Hey there. I'm baking out a Tommy Gun I'm working on currently. In order to maximise UV density I decided to use 2 UV maps(one for the drum magazine, bullet, grip and front pump. Another UV for the body and the rest of the parts). When it comes to baking with the "ignore groups" setting on(to assist Substance Painter mainly), and I do want the grip and front pump to be have occlusion from the surrounding parts(not the drum though because it is removable).

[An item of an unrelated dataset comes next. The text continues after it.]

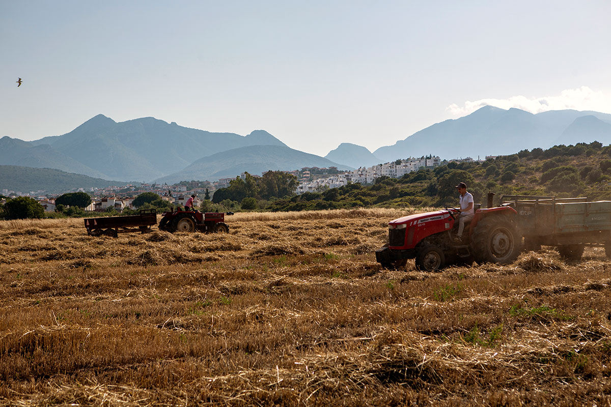 KADER: Bazen hareketlenir Burgaz. Traktörler vızır vızır gidip gelir. Hasat zamanıdır bu, hayata tutunma çabasıdır. İnsanın kendine biçtiği kaderidir topraktan ekmeğini çıkarmak, didinir durur. (Fotoğraf: Püren Türker)

Blue parts are on one UV map, white parts are on another UV map
So my question is if I want ALL the parts minus the drum magazine to have occlusion from eachother, can I simply use the high poly of the grip and front pump to achieve that effect on the white parts? Would I just use the high poly of the white parts and it would bake occlusion down to the blue parts(minus the drum which is removable) and it will be fine despite being on separate UVs? It works for floaters with no geometry so this should work?
Hard to word this question but any help would be much appreciated
Replies
The easiest way to do this is to bake both UV sets in one baker object. You can use the texture sets feature to bake both at once. Apply a unique material to the objects for each UV layout and then turn on Multiple Texture Sets. This will bake a set of maps for each UV layout.
Ignore groups will work with meshes from both texture sets. For the bake group with the drum mag, go to the Low object and enable Exclude When Ignoring Groups, this will keep it from casting / receiving AO to / from other groups. You can use this setting for any other objects which will move, like the bolt and ejection port too.
This helps heaps. Thanks for that. Say I dont want the drum and it's attached components(badges, screws etc) to be excluded from the body but not from eachother, would the only viable option be to move it away from the body for the AO bake? As if I exclude the drum components they won't cast on eachother either.